For starters, the federal government is responsible for the health and welfare of anyone it detains — whether it is a criminal in a prison, a child in its foster-care system or families detained at the border. Regardless of what the children’s parents did or did not do, the United States has an obligation to the children the moment it detains them. Not to give food and water, or to check the health of those it has in custody, is inexcusable. Blaming the parents as Homeland Security Secretary Kirstjen Nielsen did (“This is just a very sad example of the dangers of this journey. This family chose to cross illegally”) reflects her legal and moral obtuseness. In our care, the child’s welfare became our responsibility.
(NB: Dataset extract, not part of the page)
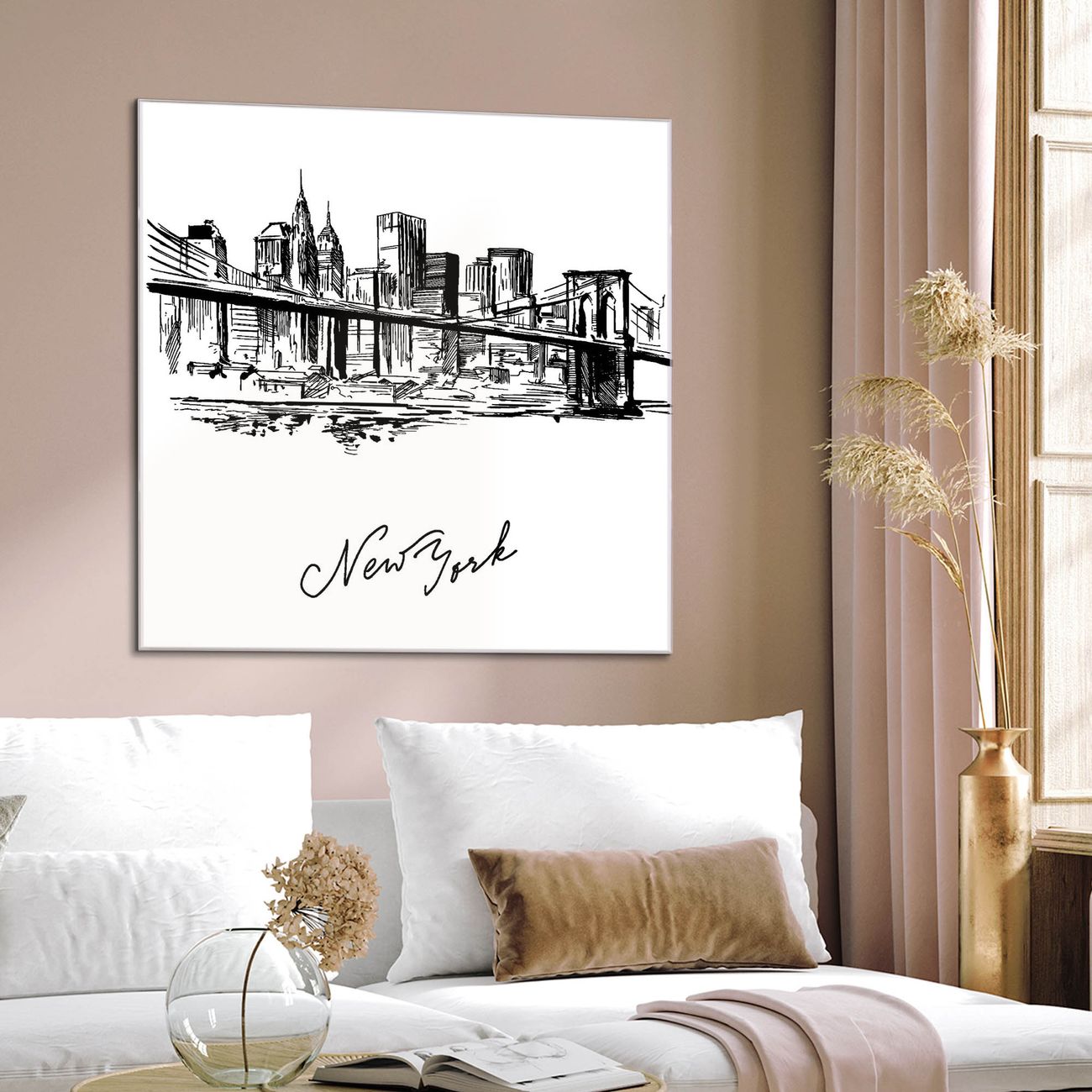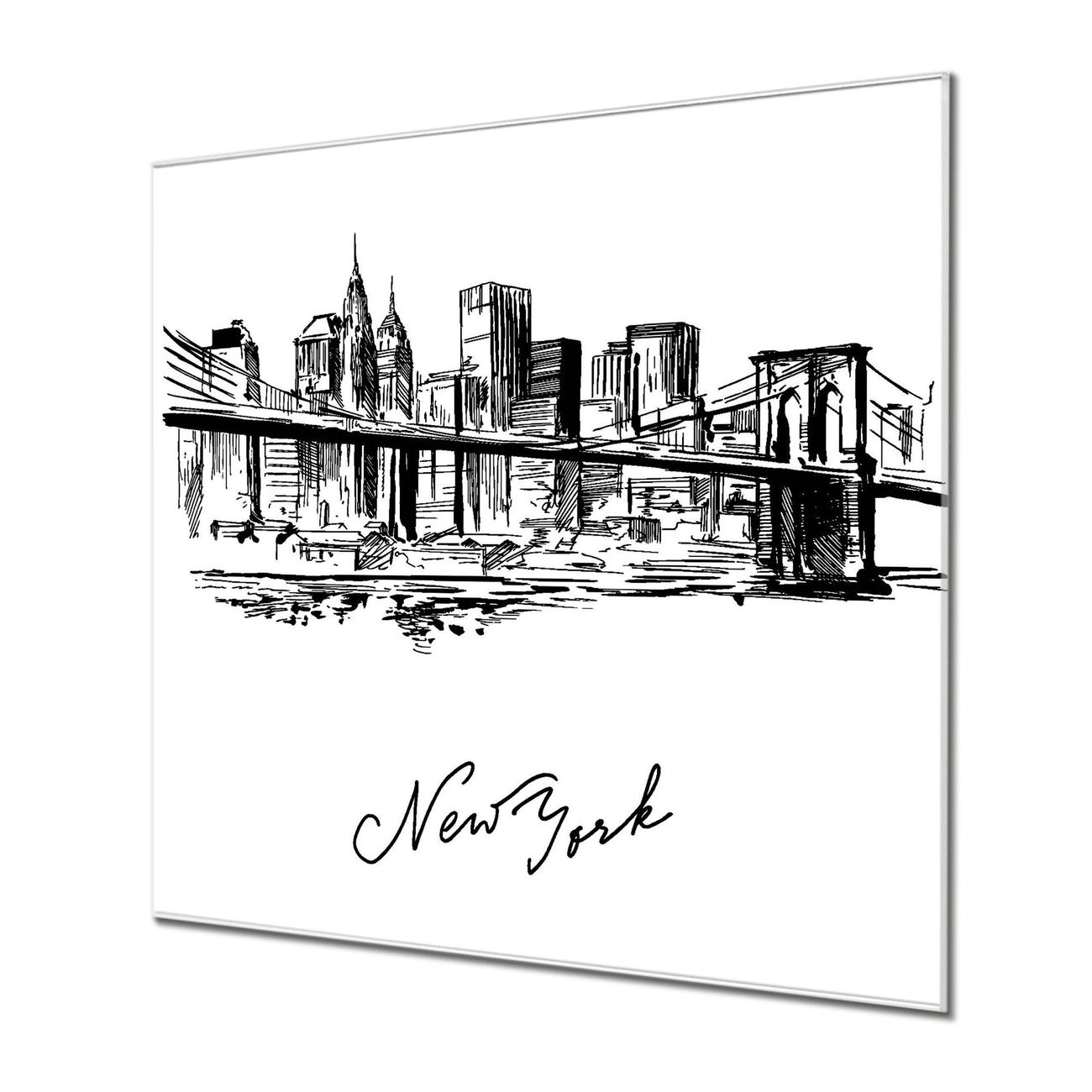 Unsere einzigartigen Glasbilder im Querformat von banjado mit Motiv New York Skizze sind der absolute Hingucker! Unsere Banjado Glasbilder sind sehr begehrt, weil sie top verarbeitet sind und sich ganz leicht montieren lassen. Schon mit wenigen Handgriffen hängen sie an der Wand und strahlen mit höchster brillianz. Durch die Ramenlose Herstellung schwebt das Echtglasbild förmlich an der Wand. Das Motiv erscheint besonders ausdrucksstark und hochwertig und ist hinter dem Echtglas geschützt.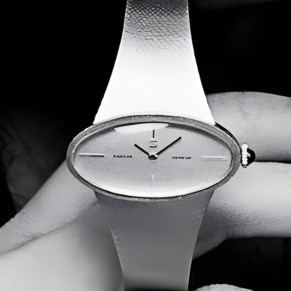 A lady’s watch in the mainstream of the new “Full Flow” design : neat, pure lines and complete integration of bracelet, case and dial In 18-carat yellow gold. Note the transversal position of the oval case, a now classical arrangement. (SARCAR)

“This tragedy represents the worst possible outcome when people, including children, are held in inhumane conditions,” the ACLU’s Border Rights Center said in a statement. “Lack of accountability, and a culture of cruelty within CBP have exacerbated policies that lead to migrant deaths.” The ACLU continued, “In 2017, migrant deaths increased even as the number of border crossings dramatically decreased. When the Trump administration pushes for the militarization of the border, including more border wall construction, they are driving people fleeing violence into the deadliest desert regions.” The statement pointed out that the incident wasn’t reported for a week. “We call for a rigorous investigation into how this tragedy happened and serious reforms to prevent future deaths,” the statement concluded.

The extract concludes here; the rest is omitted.